Chapter 13 悪夢
1
大した速度も出ていないのに、愛のメイド服の裾がバタバタと波打つ音が聞こえる。
自分の身体へと回された愛の腕。後ろに女性を乗せ、エレクション・モーターバイクを駆るなど、同年齢の男子から見れば『羨ましい』の一言に尽きるだろう。
だが、残念ながらこの状況では、『一部のマニアから熱狂的な支持を受ける43型ヒューマノイド家政婦仕様』を乗せて走る痛い高校生だ。
静かだと定評がある『やる気のないモーター音』。一度でいいから前時代の内燃機関を搭載した大型バイクに跨り、フルアクセルを体感したい、と心から思う。
けど、残念ながらそれは出来ない。環境に悪いだの、音がうるさいだのの理由により法律的に禁止されてしまった。

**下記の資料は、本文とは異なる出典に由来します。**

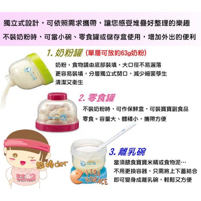 KU KU 酷咕鴨疊疊樂食物奶粉罐(奶粉分裝盒)獨立式開口設計 分層獨立使用 避免奶粉灑落5465 HORACE

おまけに完全ネットワーク電子制御化されたこのバイクは、各道路の制限速度以上に速度を上げられない。
信号機と連動し、強制的に速度調整が成されてしまうために、黄色信号を強引にわたる事も出来なければ、前を走る車両との車間距離をも強制されてしまうため、横から抜くことも出来ない。
危険を感知すれば自動で減速、停止をする。故意に事故を起こす事すら困難な代物だ。全くもって自分で運転している気がしない。
公道を走る全ての車両にこの機構が義務づけられた時は、さぞかし多くの車好きやバイク好きが嘆いたのだろう。
もっともこの技術の登場が、運転免許取得年齢を16歳にまで下げる事を可能にしたのだから、自分は恩恵を受けている身なのだが。
取得年齢を下げざるを得なかったのは、極端な少子化がもたらした購買層の激減が理由だと聞いた事もある。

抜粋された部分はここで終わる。